Cognitive Distortions

Welcome to my Crystal Ball of Bullshit.
12 min read
Distorted Thinking:
AKA Cognitive Distortions

Your brain is not trying to deceive you. It's trying to keep you alive — and it will sacrifice accuracy to do it without a second thought. When something feels threatening or overwhelming, it doesn't pause to weigh the evidence. It takes the fastest available exit. These shortcuts are genuinely useful if you need to react to a snake-shaped stick. Considerably less useful when you're trying to navigate a relationship, hold down a job, or stay sober.

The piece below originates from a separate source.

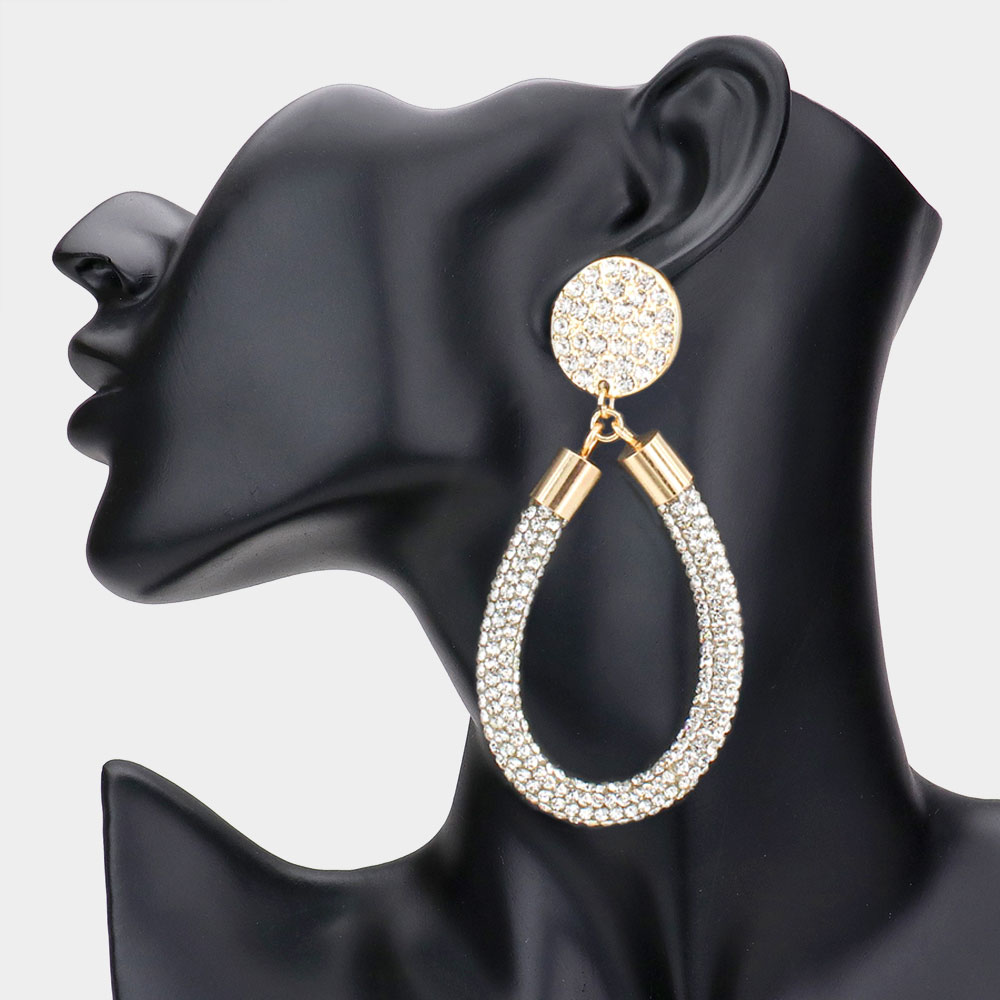 Rhinestone Pave Open Teardrop Dangle Earrings Rhinestone Pave Open Teardrop Dangle Earrings

When these shortcuts get repeated often enough, they stop being shortcuts and start being the road itself. That's what cognitive distortions are — habitual patterns of thought that feel automatic, feel true, and quietly fuel shame, hopelessness, and relapse. The important thing to understand is that cognitive distortions aren't unique to addiction or trauma. Everyone falls into them. They're part of the standard-issue human brain.

What trauma and addiction do is turn up the volume and bolt them in place. A thought that passes through most people in seconds can calcify into a fixed belief for someone whose nervous system learned to treat everything as a potential emergency. That's why learning to spot these patterns isn't just a useful therapeutic exercise. It's survival-level important.

In Cognitive Behavioral Therapy (CBT), distortions are taught as the connective tissue between thoughts, emotions, and behavior — the mechanism that links what you think to what you feel to what you do. Name the pattern and you create the first crack in it. That's why what follows isn't just definitions — it's definitions alongside real-life examples of how each one plays out. Seeing them in action makes them recognizable. And recognizable is where the work begins.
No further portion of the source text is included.